WHAT THE EXERCISE ASKS
In the listing below, look for "capacidades" and copy every line that has it.
----
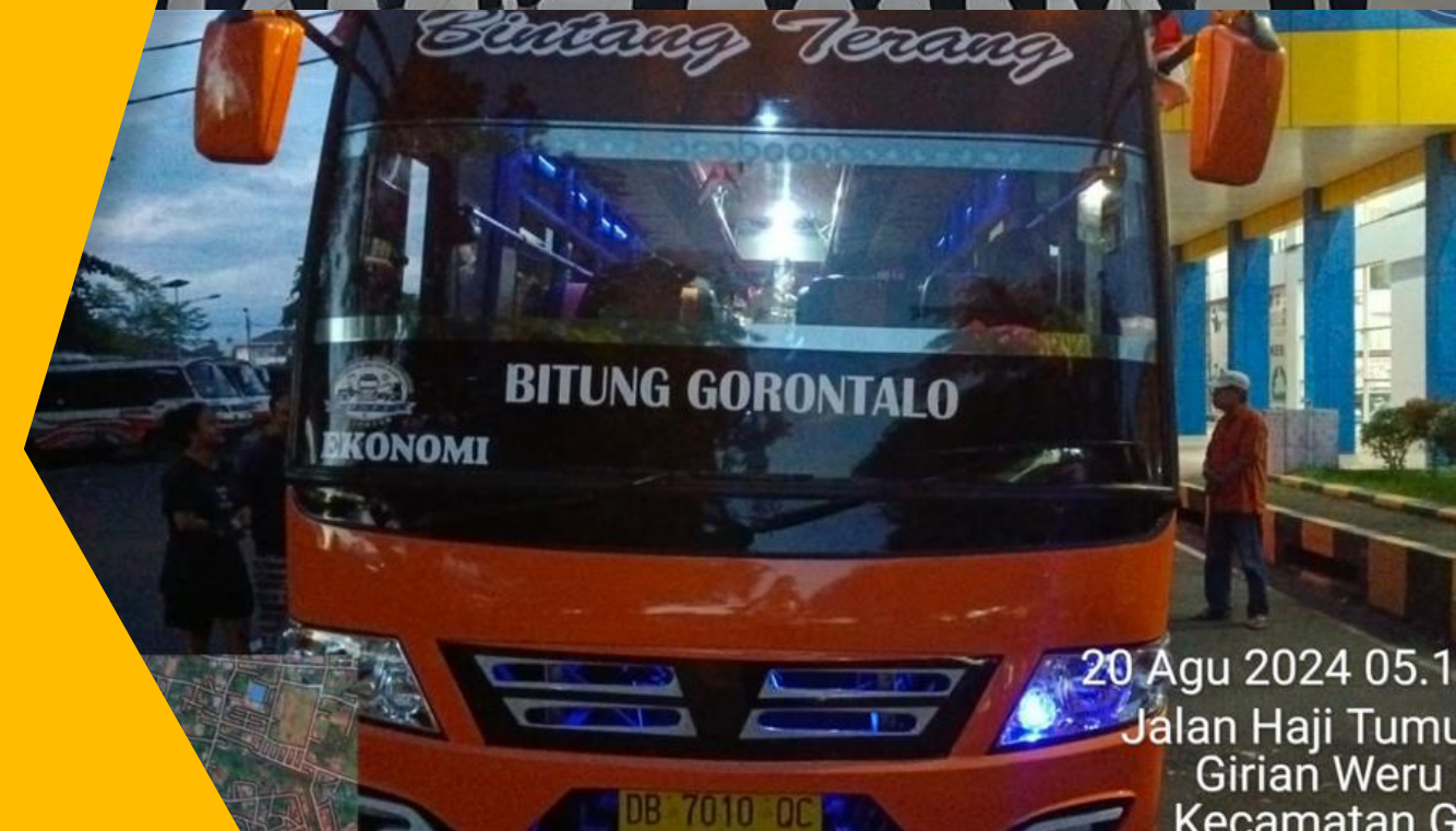
20 Agu 2024 05.1 Jalan Haji Tumu Girian Weru Kecamatan G Kota Bi Sulawesi U
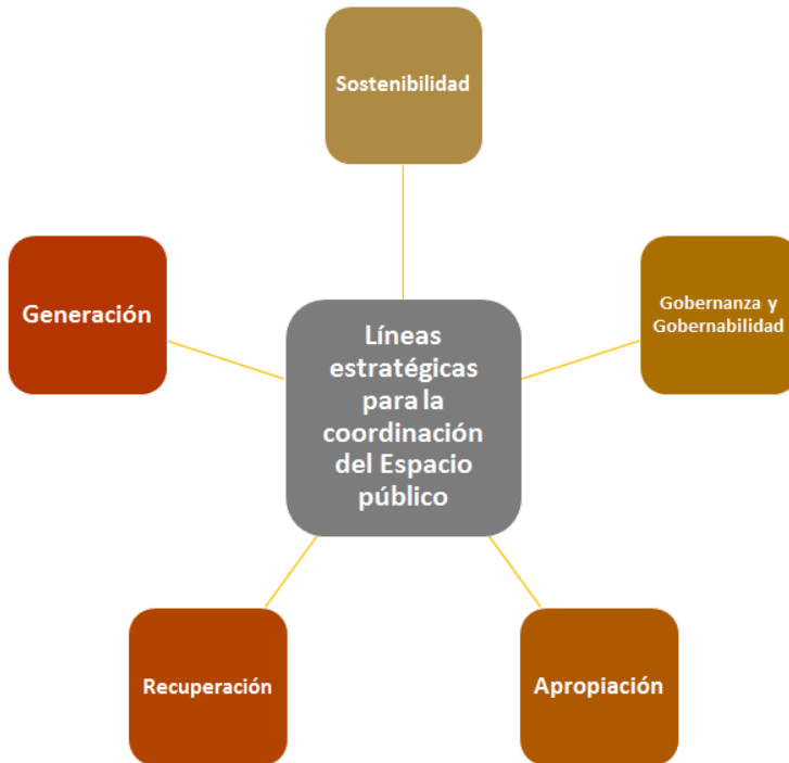
Ilustración 8. Líneas estratégicas para la coordinación del espacio público
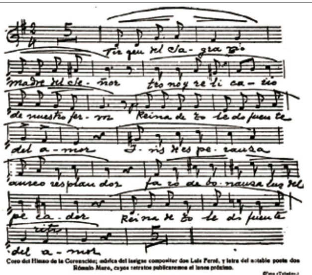
Coro del Himno de la Coronación; música del insigne compositor don Luis Ferré, y letra del notable poeta don Rómulo Muro, cuyos retratos publicaremos en las próximas.
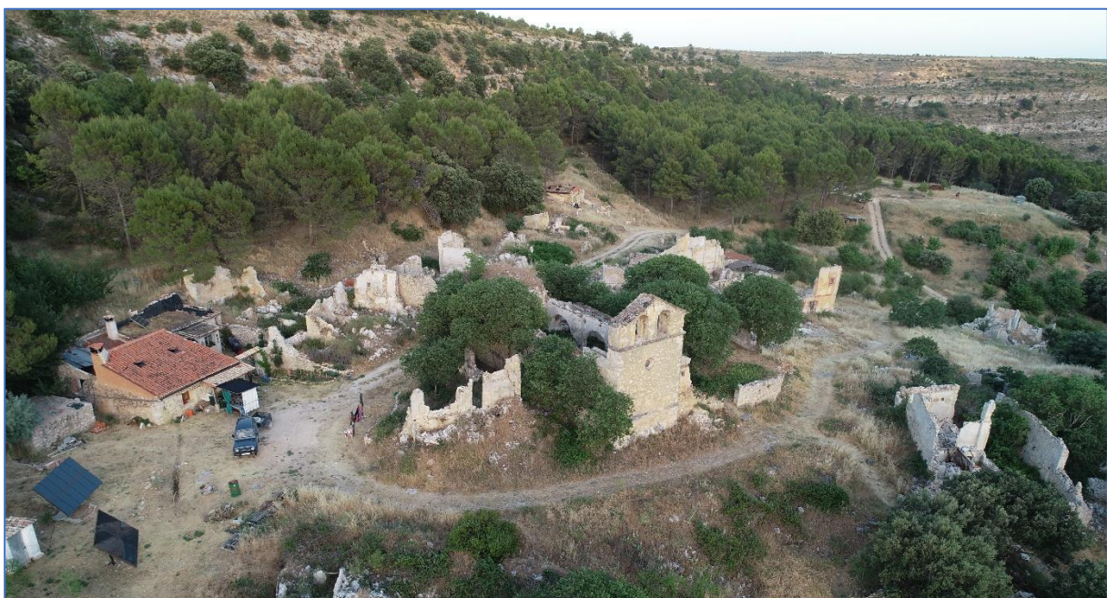
Figura 8: Hontanillas (Guadalajara, España).
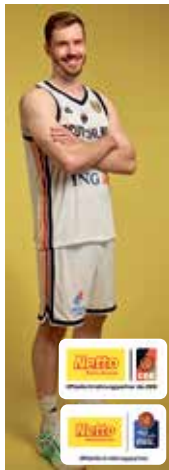
Nationalspieler Andi Obst als Markenbotschafter bei Netto Marken-Discount

sondern im Alltag. Wer mich kennt, weiß, dass ich als Ausgleich zum Sport leidenschaftlich gerne koche. Mit Netto habe ich den perfekten Partner gefunden, der mir für meine Kochabende genau die Frische und Vielfalt bietet, die ich für meine Ernährung brauche“, sagt Andi Obst. Die Partnerschaften mit der easyCredit Basketball Bundesliga und dem Netto BBL Pokal schaffen für den Lebensmittelhändler eine reichweitenstarke, ganzjährige Kommunikationsplattform. Im Mittelpunkt stehen Themen wie bewusste Ernährung, Bewegung, Teamgeist und Leistungsbereitschaft.
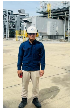
รูปที่ 4 การสวมใส่อุปกรณ์ป้องกันอันตรายส่วนบุคคล
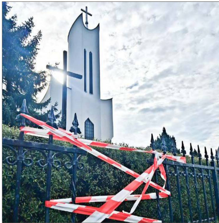
Kierującemu rowerem wręczony zostanie mandat na kwotę 2500 zł.

Po przyjeździe na miejsce patrolu policji okazało się, że 41-letni mieszkaniec Dębicy upadł tak niefortunnie, że ostry fragment niskiego ogrodzenia świątyni wbił się w jego głowę, unieruchamiając mężczyznę. Ściągnięcie go z ogrodzenia było w tej sytuacji niemożliwe, a na miejsce zostali wezwani strażacy z Jednostki Ratowniczo-Gaśniczej nr 1 Komendy Powiatowej Państwowej Straży Pożarnej z Dębicy.
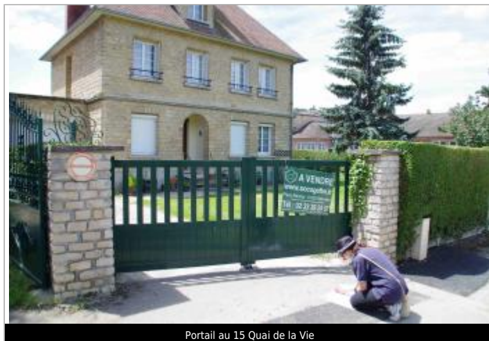
Portail au 15 Quai de la Vie
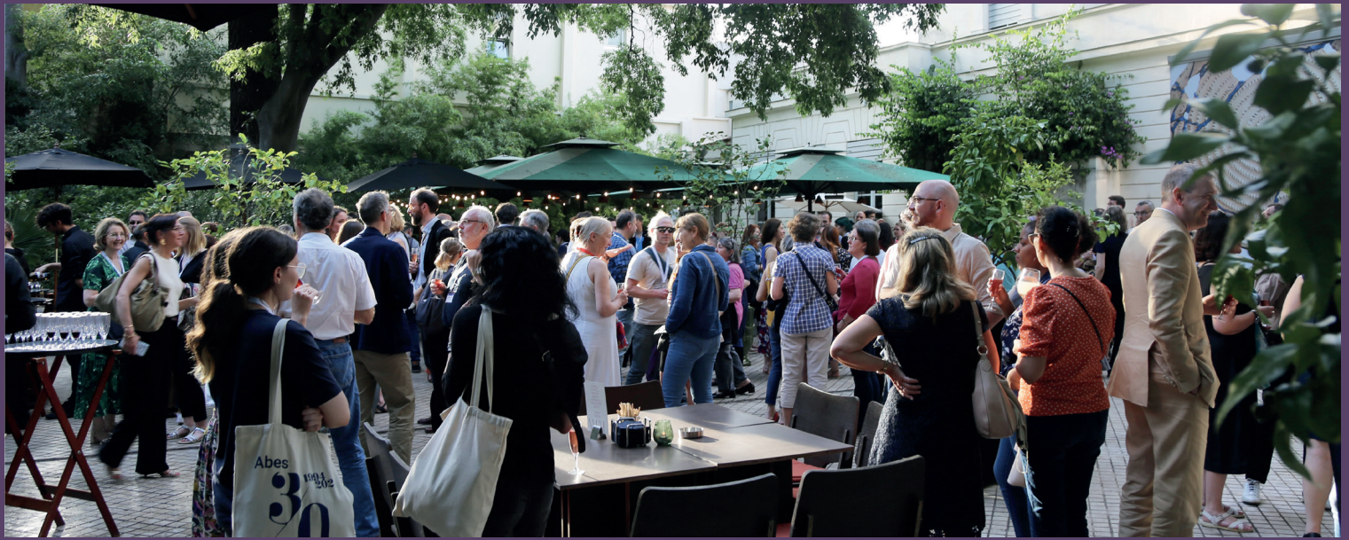
Journée ABES au MO.CO., 2024
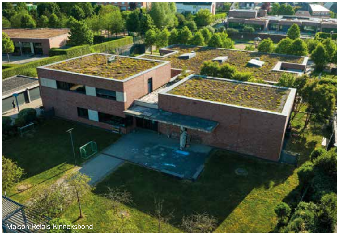
Maison Relais Kinneksbond

Wir setzen uns ein für eine moderne Familienpolitik mit Schul- und Betreuungsangeboten, bei denen jedes Kind seinen Platz findet.
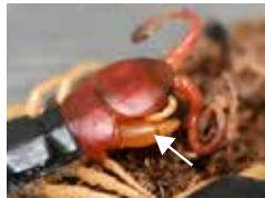
頭の次の節も鶯色で顎肢(矢印部分)が出ている

頭の付近をよく観察してみましょう。頭の次の節も鶯色をしており、この節から牙のようなもの(顎肢)が出ていることがわかります。ムカデが獲物を捕える時には顎肢を獲物に突き刺し、ここから毒を注入します。ムカデが頭を出している時に観察してみてください。
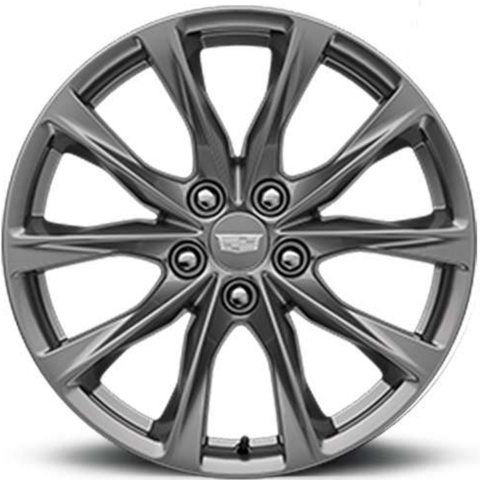
19" PREMIUM PAINTED ALLOY WITH PEARL NICKEL FINISH
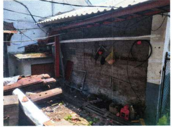
R BELAKANG PPKA
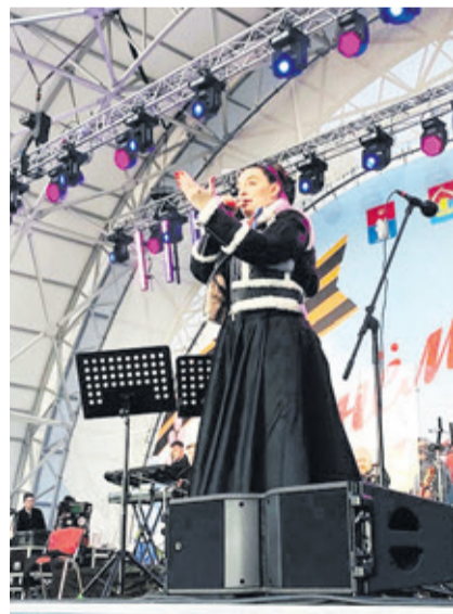
Специальным гостем праздника стала певица Елена Ваенга

■ АВТОР Ирэн ОВСЕПЯН
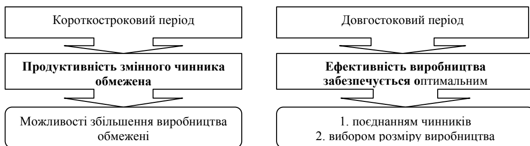
Рис. 2. Принципи здійснення аналізу виробництва в короткостроковому і довгостроковому періодах

Подальший етап комплексного аналізу виробничо-економічного розвитку галузей спрямований на визначення шляхів вдосконалення низькоефективних секторів.
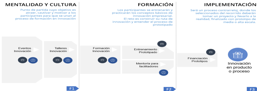
Ilustración Ciclo de vida metodología “Desarrollo de capacidades de la innovación para el desarrollo productivo”

Frente al desarrollo metodológico de las actividades que enmarcan la alternativa de solución definida como “Desarrollo de capacidades en gestión de la innovación para el desarrollo productivo”, se presenta la siguiente ilustración que detalla el proceso metodológico y conceptual e la Alternativa de solución:
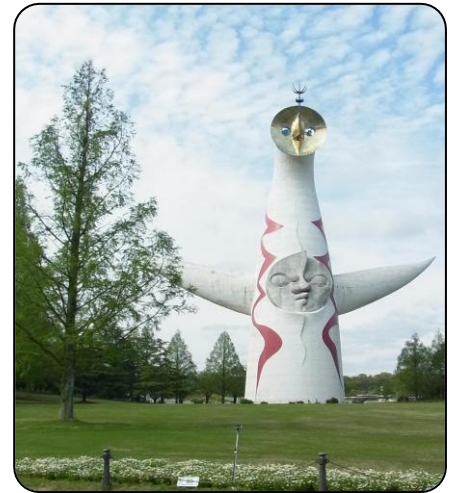
今も万博公園のソボルは「太陽の塔」 ↑
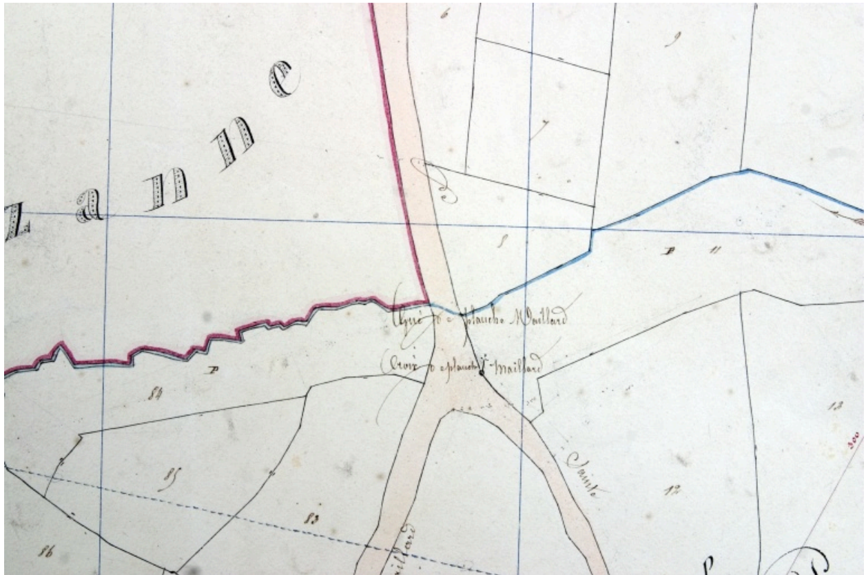
Croix de la Planche-Maillard, extrait du plan cadastral de 1842, section A1.
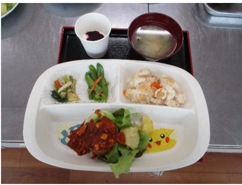
彩りのきれいな食事です。その中には地域からいただいた食材も多数あります。ありがとうございました。
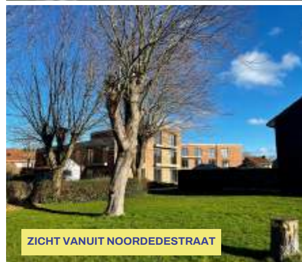
ZICHT VANUIT NOORDEDESTRAAT
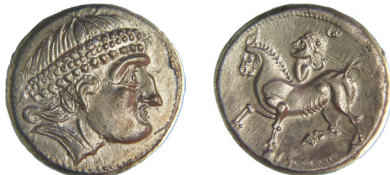
Fig. 12. Kroisbachi típus (MNM ET A 53.1910.4d.)
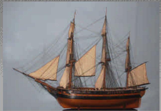
Charlotte. Modèle d'arsenal. Clermont-Tonnerre, 1827. 135x185 cm.
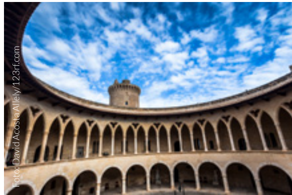
▲ BURG BELLVER, PALMA MALLORCA

Einen privilegierten Blick auf die Insel hat man von der knapp drei Kilometer von der Altstadt entfernten gotischen Burg Bellver , einer der wenigen Burgen Europas mit kreisförmigem Grundriss.
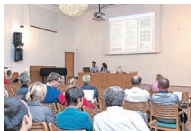
Javna razprava o celostni prometni strategiji
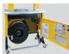
Robust og kompakt
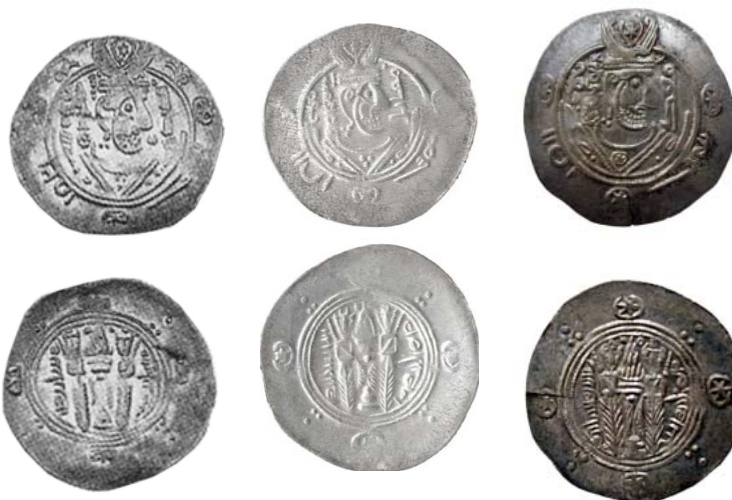
۳. معد، بانک سپه، ۱۰۶۷۷. ۴. مقاتل، آستان قدس، س ۴۲۲۹. ۵. قُدید، Malek, 2004: 124, 137.2.
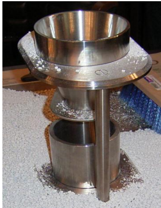
Schüttdichtemessung für Streugut

Die Probenziehung fand ausschließlich vor Ort statt. Spezielle Schüttdichtemessungen nach DIN ISO 697 (s. Foto rechts) für Streugüter erfolgten auch in den dafür ausgestatteten Labors der regionalen Dienststellen, sofern dies vor Ort nicht möglich war.
----
WORKED SOLUTION
Ilustración Ciclo de vida metodología “Desarrollo de capacidades de la innovación para el desarrollo productivo”
Frente al desarrollo metodológico de las actividades que enmarcan la alternativa de solución definida como “Desarrollo de capacidades en gestión de la innovación para el desarrollo productivo”, se presenta la siguiente ilustración que detalla el proceso metodológico y conceptual e la Alternativa de solución:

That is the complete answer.